SARAH BALDWIN: Your group doesn't just count costs in dollars and cents and military spending, including veterans care. I mean, as astronomical as those are, how else do you define and measure the costs of war?

STEPHANIE SAVELL: We talk about costs and think about costs in a really broad sense just as you're saying. So it's not just economic but also human, social, political, environmental. And I'll give you just a couple of examples. One of them is the ways that the post-9/11 wars have intensified police militarization in the United States. So the flow of equipment from the military to our police departments, the flow of veterans into police departments who are hired as police, that has been an explicit strategy.

Another example is the US military, if it were a country, it would be ranked somewhere around 40th in the amount of carbon emissions that it has. So it's the single highest institutional carbon emitter in the world. It's ironic because the US military often talks about the security threats of climate change-- rising sea levels, increasing conflict, and that kind of thing, but when you dig into what's been the actual military's carbon emissions, it's a huge contributor to climate change.

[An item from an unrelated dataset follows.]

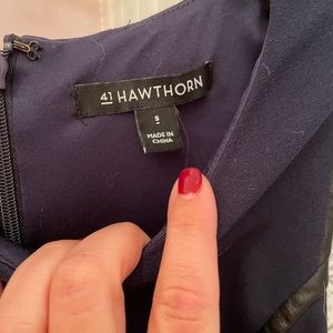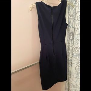 Navy dress with pleather details and back zip. Waist measures 13 inches flat but has stretch. Only worn a few times. Two very small puckers on back.
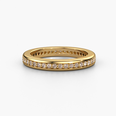 This extraordinary ring is called Elvire 3. This type of ring is known as a memoire ring, because it's birthstones are set in a continuous line. This makes it easy to combine with other rings. The band of this 14 Carat gold stackable ring is set in a combination of brown diamond and brown diamond 0.48 crt. You can easily choose the combination you prefer online. As you can see, a single brown diamond is set in this single alliance gold stackable ring. The memoire ring represents collaboration. And that is precisely what these gemstones do, collaborate. Together they add a beautiful effect to the band of a modern stackable ring! Such a meaningful ring, wouldn't you agree? All our hand selected brown diamonds are positioned by hand by our expert goldsmith. It's a precise task, which can only be completed successfully through the combination of pure craftsmanship and usage of the latest techniques which give it an optimal effect. To create a perfect reflection of light, all the gemstones have to be perfectly aligned in the same way. During manufacturing, the expert goldsmith will therefore monitor the reflection of light constantly to check whether the brown diamonds are aligned properly. This requires a skilled hand and a lot of patience but then the end product will be a true piece of art. And that is our mission!By using a combination of the latest modern techniques, combined with ancient crafting, we can make all our rings in our own studio. Each jewel is made to order. This is advantageous because we can offer you a price you won't find anywhere else.Our team of talented, passionate designers add new ring designs to our online collection daily. Our objective in doing so, is to be able to offer you a wide variety of jewels. Please feel free to request a quote if you have specific wishes for your ring. We guarantee to make you an offer you can't refuse.To make it easier for you, we offer a 30 day return policy. Check our terms and conditions.

SARAH BALDWIN: How do service people and professionals in the military feel about your work? Are you like persona non grata?

STEPHANIE SAVELL: It's interesting. I'm always struck by, if I give a public talk like if I talk on the radio or something like that, I've often gotten emails afterwards from people in the military, even top leaders being, like, thank you so much for pushing the envelope. You guys need to keep getting this work out there. This information needs to get out to the public. We really share with a lot of service members desire to lessen the chances that service members will die in war. And so in a lot of ways, we're actually on the same page remarkably with a lot of individuals.

SARAH BALDWIN: Do you think anyone imagined when this project started that in Twenty-Twenty-One it would still be going on?

STEPHANIE SAVELL: Yeah, it's really discouraging to think about it this way. But there will always be a room for this project. And if it's not the post-9/11 wars, it's going to be the next form of US militarism. The US unfortunately has a militarized status quo, and it's very hard to think about how that will change and yet we must continue fighting for that change.

d back in the early days, the:

And sometimes I think about that because I think we're up against a similar kind of an enormous beast, the military industrial complex. All the lobbying that goes on, all the corporations that have a stake in this, the ways that there are weapons manufacturers in almost every state. They've spread out so that they would be strategically located in a lot of Congress people's districts. So there are so many ways that this way of being is entrenched and yet we can't not do anything. We have to work for a different way of life really in this country.

SARAH BALDWIN: Stephanie, thank you so much for talking with us today. It's been great to have you on the show.

STEPHANIE SAVELL: Yeah, thanks so much for having me.

SARAH BALDWIN: Dollars in loss of life, blood and treasure as it were, might be the first two costs you think of when it comes to war. But last year, a group with the Costs of War tallied another effect. And media outlets across the world took notice. It was a measure of human displacement, and the number was almost unfathomable-- 37 million people.

DAVID VINE: That's as many people as live in Canada.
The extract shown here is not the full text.